Description of the task —
Print word for word the first line of the listing below and every line after it, through the line with "The MG nozzles, featuring". Leave out the pictures and the rest.

Input data —
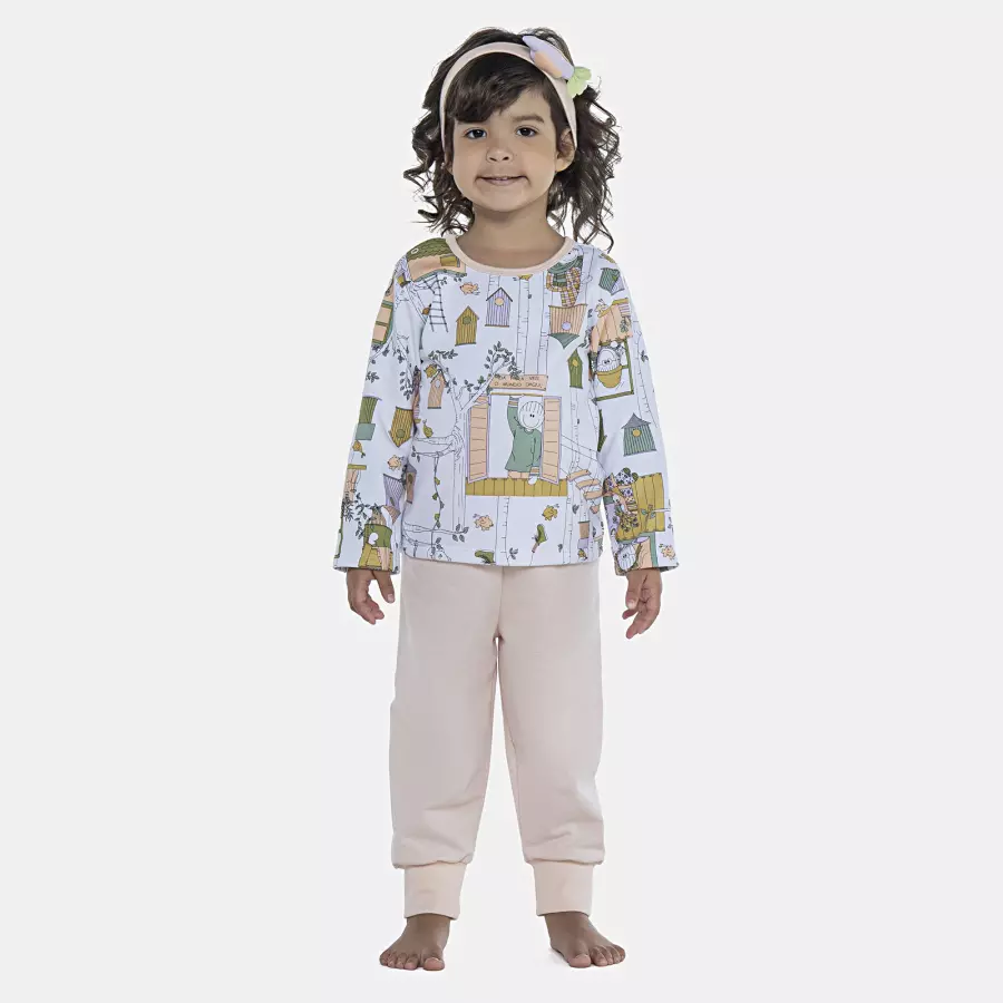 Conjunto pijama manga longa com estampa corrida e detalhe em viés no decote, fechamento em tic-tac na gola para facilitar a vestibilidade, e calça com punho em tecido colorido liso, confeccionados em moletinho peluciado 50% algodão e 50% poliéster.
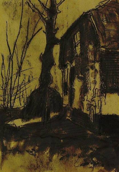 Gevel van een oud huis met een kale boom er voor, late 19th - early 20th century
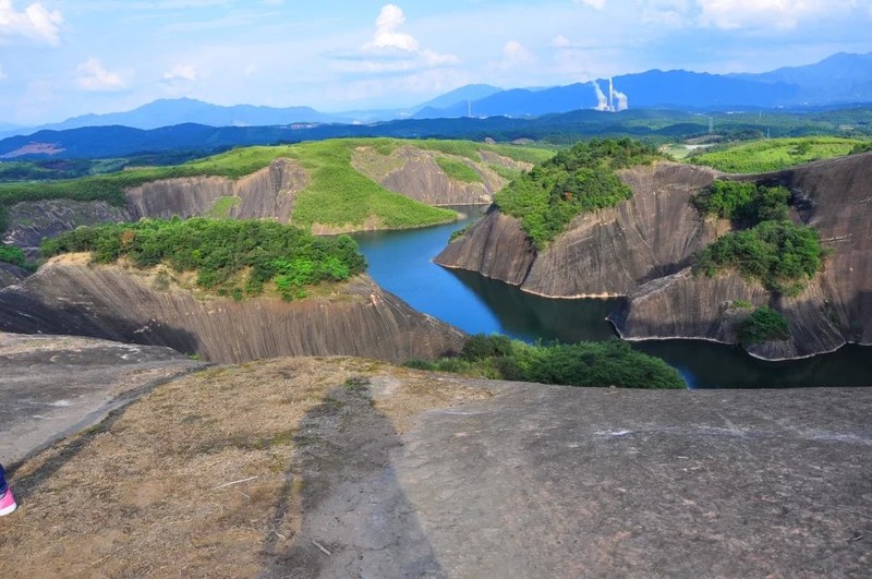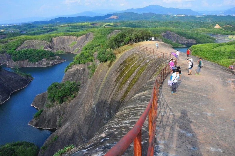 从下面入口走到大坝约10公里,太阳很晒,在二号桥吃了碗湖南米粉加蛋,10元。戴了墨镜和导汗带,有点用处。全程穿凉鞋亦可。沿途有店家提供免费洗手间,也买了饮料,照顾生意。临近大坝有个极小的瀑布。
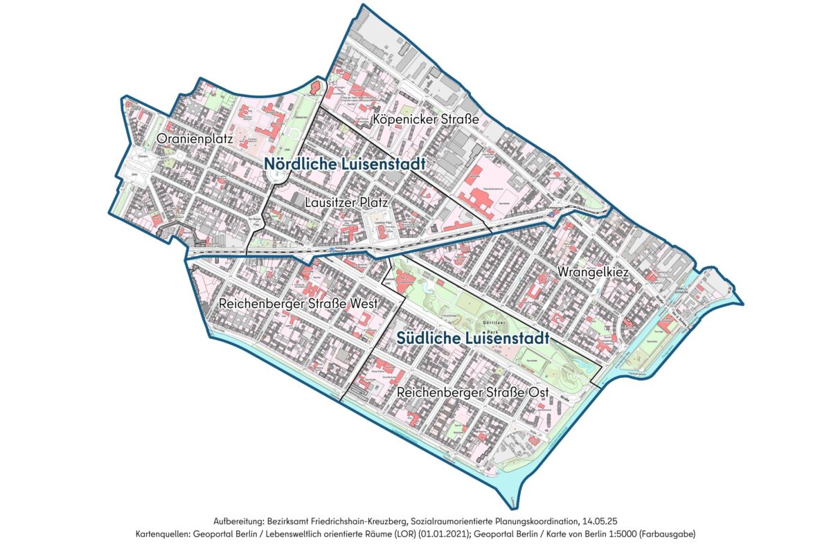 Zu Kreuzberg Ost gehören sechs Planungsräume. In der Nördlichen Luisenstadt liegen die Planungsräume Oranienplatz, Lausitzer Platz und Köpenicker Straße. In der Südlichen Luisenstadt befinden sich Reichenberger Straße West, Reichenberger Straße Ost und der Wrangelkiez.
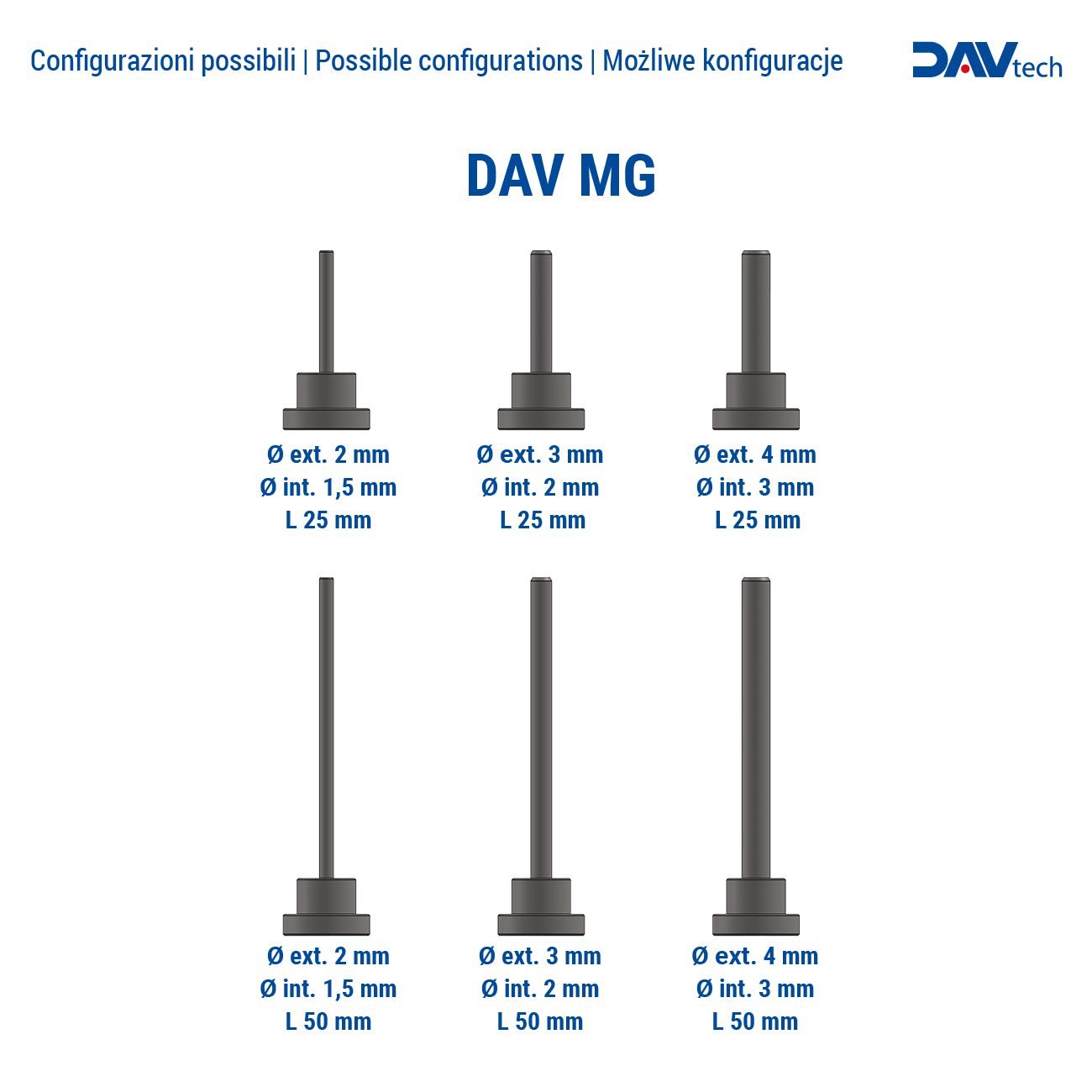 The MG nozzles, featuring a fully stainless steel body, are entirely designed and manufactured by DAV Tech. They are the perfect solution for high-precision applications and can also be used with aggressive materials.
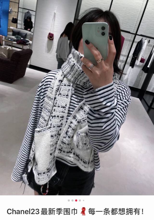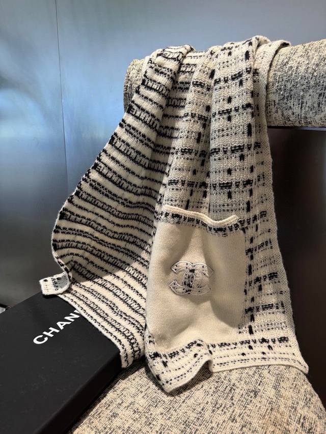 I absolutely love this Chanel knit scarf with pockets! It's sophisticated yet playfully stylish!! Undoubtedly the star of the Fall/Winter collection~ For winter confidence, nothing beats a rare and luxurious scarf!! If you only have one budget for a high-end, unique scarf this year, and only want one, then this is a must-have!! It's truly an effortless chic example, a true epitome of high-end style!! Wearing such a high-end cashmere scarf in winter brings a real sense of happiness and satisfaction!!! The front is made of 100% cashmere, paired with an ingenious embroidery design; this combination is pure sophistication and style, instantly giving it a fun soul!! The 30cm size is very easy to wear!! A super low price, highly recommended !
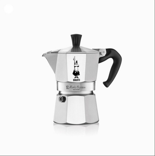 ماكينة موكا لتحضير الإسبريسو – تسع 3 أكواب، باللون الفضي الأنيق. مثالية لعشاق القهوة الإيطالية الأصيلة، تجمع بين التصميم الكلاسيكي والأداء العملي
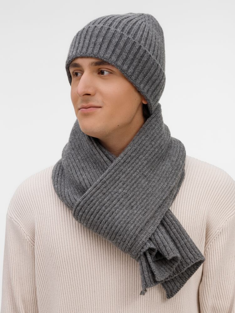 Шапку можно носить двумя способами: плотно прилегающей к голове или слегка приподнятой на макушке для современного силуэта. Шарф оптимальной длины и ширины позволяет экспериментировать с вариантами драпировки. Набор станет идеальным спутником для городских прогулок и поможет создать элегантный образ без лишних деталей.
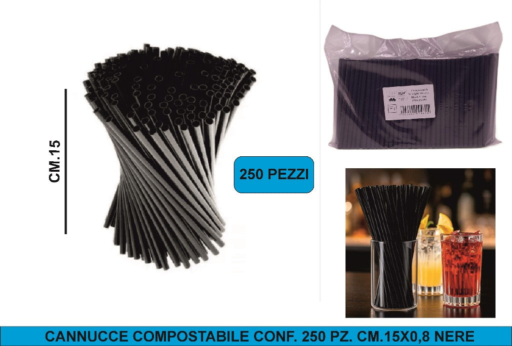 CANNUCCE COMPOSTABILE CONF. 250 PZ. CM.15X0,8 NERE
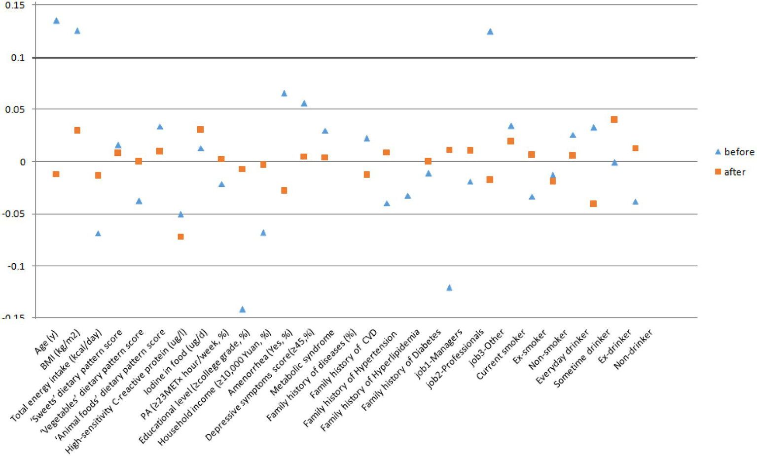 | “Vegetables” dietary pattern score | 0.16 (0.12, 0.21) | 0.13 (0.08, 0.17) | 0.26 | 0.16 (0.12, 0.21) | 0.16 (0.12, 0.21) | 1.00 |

Solution —
 Conjunto pijama manga longa com estampa corrida e detalhe em viés no decote, fechamento em tic-tac na gola para facilitar a vestibilidade, e calça com punho em tecido colorido liso, confeccionados em moletinho peluciado 50% algodão e 50% poliéster.
 Gevel van een oud huis met een kale boom er voor, late 19th - early 20th century
 从下面入口走到大坝约10公里,太阳很晒,在二号桥吃了碗湖南米粉加蛋,10元。戴了墨镜和导汗带,有点用处。全程穿凉鞋亦可。沿途有店家提供免费洗手间,也买了饮料,照顾生意。临近大坝有个极小的瀑布。
 Zu Kreuzberg Ost gehören sechs Planungsräume. In der Nördlichen Luisenstadt liegen die Planungsräume Oranienplatz, Lausitzer Platz und Köpenicker Straße. In der Südlichen Luisenstadt befinden sich Reichenberger Straße West, Reichenberger Straße Ost und der Wrangelkiez.
 The MG nozzles, featuring a fully stainless steel body, are entirely designed and manufactured by DAV Tech. They are the perfect solution for high-precision applications and can also be used with aggressive materials.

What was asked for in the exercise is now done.